Proof. $$19\vert 2^{2^{6k+2}}+3\Leftrightarrow 2^{2^{6k+2}}\equiv 16~~(\text{mod}~~ 19).$$ $(i)$ For the base case we show that the congruence holds for $k=0$. $$2^{2^{6\cdot 0+2}}\equiv 2^{4}\equiv 16~~(\text{mod}~~ 19),$$ so the base case holds.

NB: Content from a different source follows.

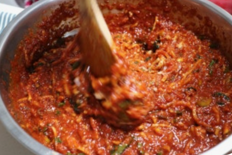 이제 모든 재료를 합칠 시간입니다. 큰 대야에 고춧가루 물들인 무채를 넣고, 식힌 찹쌀풀, 다진 마늘, 다진 생강, 젓갈류, 갈아놓은 배/양파, 매실청을 모두 넣어 골고루 섞어줍니다. 이 상태로 30분 정도 두어 고춧가루 색이 우러나오게 합니다.

$(ii)$ For the induction step suppose $ 2^{2^{6k+2}}\equiv 16~~(\text{mod}~~ 19)$ holds true for $k=m$. That is $$ 2^{2^{6m+2}}\equiv 16~~(\text{mod}~~ 19).$$

$(iii)$ Now we show that the statement in $(ii)$ holds true for $k=m+1$. That is $$ 2^{2^{6(m+1)+2}}\equiv 16~~(\text{mod}~~ 19).$$

Consider $2^{2^{6(m+1)+2}}$. Using the induction step $(ii)$ we get that $$2^{2^{6(m+1)+2}}\equiv 2^{2^{6m+8}}\equiv 2^{2^{6m+2}\cdot 2^{6}}\equiv \left(2^{2^{6m+2}} \right)^{64}\equiv 16^{64}.$$ Moreover, when using Fermats little theorem we get that $$16^{64}\equiv (-3)^{64}\equiv (-3)^{18\cdot 3+10}\equiv \left((-3)^{3}\right)^{18}\cdot (-3)^{10}\equiv 1\cdot (-3)^{10}\equiv \cdots \equiv -250\equiv 16~~(\text{mod}~~ 19).$$ We have thus shown that the statement $$2^{2^{6(m+1)+2}}\equiv 16~~(\text{mod}~~ 19)$$ is true. Therefore we may conclude that $$2^{2^{6k+2}}\equiv 16~~(\text{mod}~~ 19)\Leftrightarrow 19\vert 2^{2^{6k+2}}+3$$ for every $k=0,1,2,\cdots$.